There will also be more quantum devices, such as quantum random generators and quantum key distribution, that will be cheaper and appear as subcomponents in more devices like smartphones, he added.
“Every organization and industry should be preparing for the post-quantum cryptography world, getting ready for the day when the quantum cryptography break is announced. Even before then, more companies and industries should be taking advantage of quantum key distribution to protect secrets traveling over networks against eavesdropping and quantum cracking,” Grimes said.
“I predict that someone will publicly announce that they have used a quantum computer to break a traditional asymmetric key cipher.

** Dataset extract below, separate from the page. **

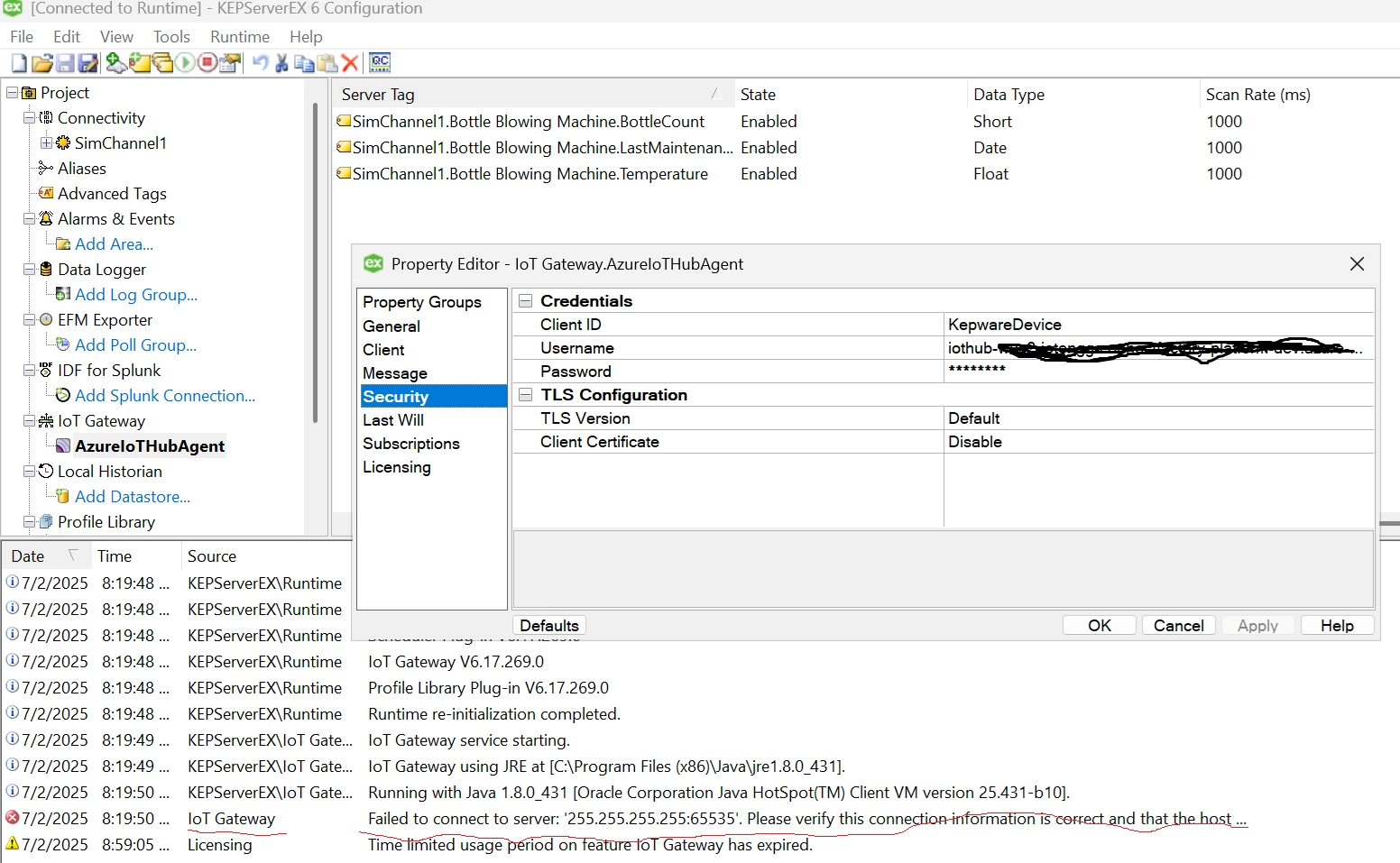 Issue: KepwareServerEx 6 failed to connect to Azure IoT Hub and device.

It’s been the Holy Grail since 1994 and I predict it happens next year.”
Lewie Roberts, analyst at Lux Research
Roberts said the goal many quantum computing experts are trying to solve now revolves primarily around the intersection of software and hardware.
Right now, there are algorithms that could be run on a quantum computer, which could beat any technique used on today’s supercomputers, but quantum computers are not yet scaled enough that they could run these algorithms, Roberts explained.

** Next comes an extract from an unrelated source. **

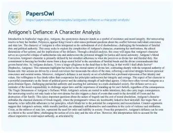 Through a detailed analysis, this essay will argue that Antigone's character serves as a powerful critique of authoritarian rule and underscores the perennial struggle for justice and moral autonomy.

The goal now is to not only scale the hardware but also to optimize the existing algorithms to require less powerful hardware.
“Scaling hardware is difficult because qubits are very unstable, and generally the more of them you add to a processor the harder it is to keep them in a useful state. The main competition right now lies between groups like IBM or Rigetti—who use superconducting qubits—and groups like Honeywell or IonQ—who use ion-trap based qubits,” Roberts said.

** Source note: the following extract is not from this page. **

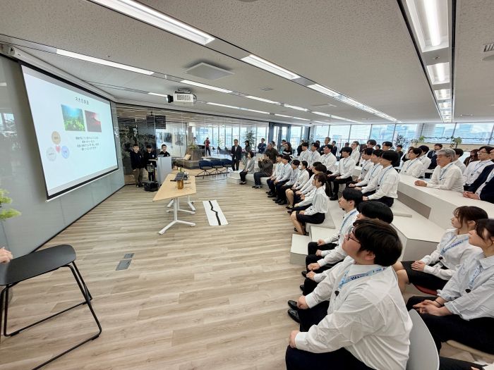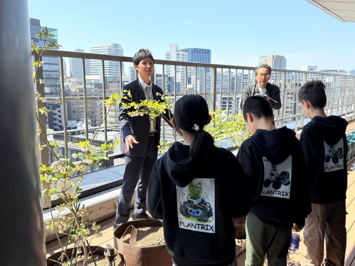 社員たちからは、「ロボットに乗った植物だけではなく、プランターや畑に植えられている野菜たちの声を聞き取るような仕組みも、君たちなら考えられるのではないか」、「作物の出来不出来の予測から、クマの出没率を予測するようなシステム開発につなげられる可能性もあるのでは」、「実際に植物を育てている人、植物に関わる人たちにどんなものが欲しいか話を聞いて実装できると、よりよいものが作れると思う」などの感想が寄せられた。プレゼンの終了後、子どもたちと家族は、同社12階の屋外プランターに案内され、ITを活用して多様な植物を栽培する実証実験について説明を受けた。

“The challenge is to increase the qubit count on a processor while maintaining their high quality; a processor with a bunch of low-quality qubits is not useful. I think that like 2020, 2021 will largely be about advancing these goals. Not every industry will see benefits from quantum computing at the same time, so engaging in research projects can help teams to estimate a range of years where that might be possible for their specific needs.”
Brian Hopkins, analyst at Forrester
Hopkins said we are years away from widespread business use in the real world, and the slow pace of advancement may dissuade some enterprises from attempting to use the technology. People, he said, may be getting impatient with the difficulty of quantum computers and he predicted that interest in it may taper off in 2021.
There will be companies next year, he added, that should be pressing further into quantum computing but will back off because of a perception that it’s not progressing fast enough.
“Today, nobody has convinced me any quantum computer in the world has demonstrated quantum advantage, none of them. As soon as we achieve quantum advantage, everyone is going to pile in and try to use a quantum computer to achieve a return on investment, but we haven’t gotten there yet,” Hopkins said.
“In 2021, we’ll get a better sense of when we would achieve quantum advantage in various potential use cases. I don’t think we will reach quantum advantage in 2021, and that means in 2021, we’ll go through a bit of a trough of disillusionment. I’ve been tracking quantum computers now for a decade, and there are lots of big announcements, progress, and then it slows down.”
But Hopkins explained that the manufacturing industry may be the first to achieve quantum advantage because it involves chemical processes.
Pharmaceuticals, drug companies, chemical companies, and enterprises involved in process manufacturing have shown the most interest in quantum computing because it is “particularly well-suited for chemistry.”